One hot-button issue is the approval by both the Senate Resources and Environment Committee and House Resources and Conservation Committee of new rules developed this summer involving forced integration, a.k.a. “forced pooling” of mineral rights holders. The Idaho Department of Lands supports the rules changes.
Under the proposed rules, “integration” could take place when 55 percent of the mineral rights holders in a 640-acre drilling unit petition the Idaho Oil and Gas Conservation Commission to approve such a request. The non-consenting parties would then be forced into the royalty payout pool, minus a sizable 300 percent penalty whether they want oil and gas development around on, around or under their property or not.
Of course, forcing mineral rights holders into drilling activity could also adversely impact deeds and mortgages as well.
Standard language in many mortgages includes clauses forbidding such activity without consent of the lender, and states that doing so places borrowers at risk of technical default on their mortgage.

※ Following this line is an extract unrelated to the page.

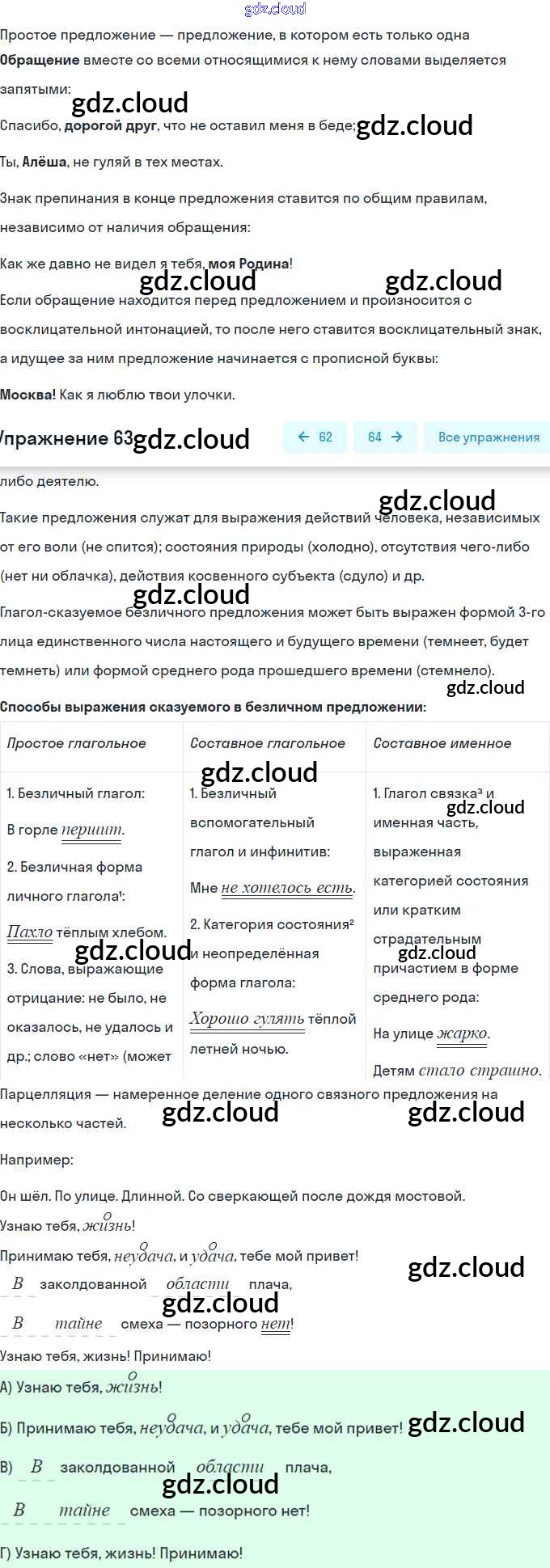 Ответ на задание 63 Учебник Русский язык за 8 (восьмой) класс Шмелёв, Флоренская, Кустова, Шмелёва Алгоритм успеха 2019

On January 27, the House Resources and Conservation Committee advanced several oil and gas bills to the full House for consideration, including the new rules for integration.
Despite concerns over property rights that pointed out that the minority 45 percent could be disenfranchised by the majority 55 percent, no republican lawmakers voted to hold the rules in committee.
According to committee minutes, Representative Mat Erpelding stated that governments should protect the rights of both the minority and majority, and that the 55 percent majority requirement for integration is too low and fails to protect property rights.
He provided an example of western states, such as Wyoming and New Mexico, that maintain a 75% majority for pooling or integration, the minutes state.
Erpelding offered the committee’s sole dissenting vote after his motion to reject the integration portion of the rule failed. A similar unfolding of events occurred when the Senate Resources and Environment Committee took up the bill on February 2, 2015. Again, the only dissenting votes were given by two democrats — Senators Michelle Stennett and Cherie Buckner-Webb.
In her recent weekly newsletter, released February 8, 2015, Stennett explained why she voted against the rule. “I have several concerns about these rules, including the siting of gas processors (a chemical geyser of sorts) a mere 300 feet from occupied structures or water wells (and only 50 feet from highways),” states the newsletter.
Integration could also, “adversely impact private property rights and mortgages,” Stennett wrote.
The other oil and gas measures sailing through the House and Senate committees address hydrocarbon production under state-owned riverbeds, requiring well production records to be publicly available after six-months and maintaining drilling permit fees — although a clause which would have reduced such fees in 2017 was eliminated.
The collection of bills passed by their respective committees will now head to the full House and Senate chambers for consideration where they will likely receive overwhelming support.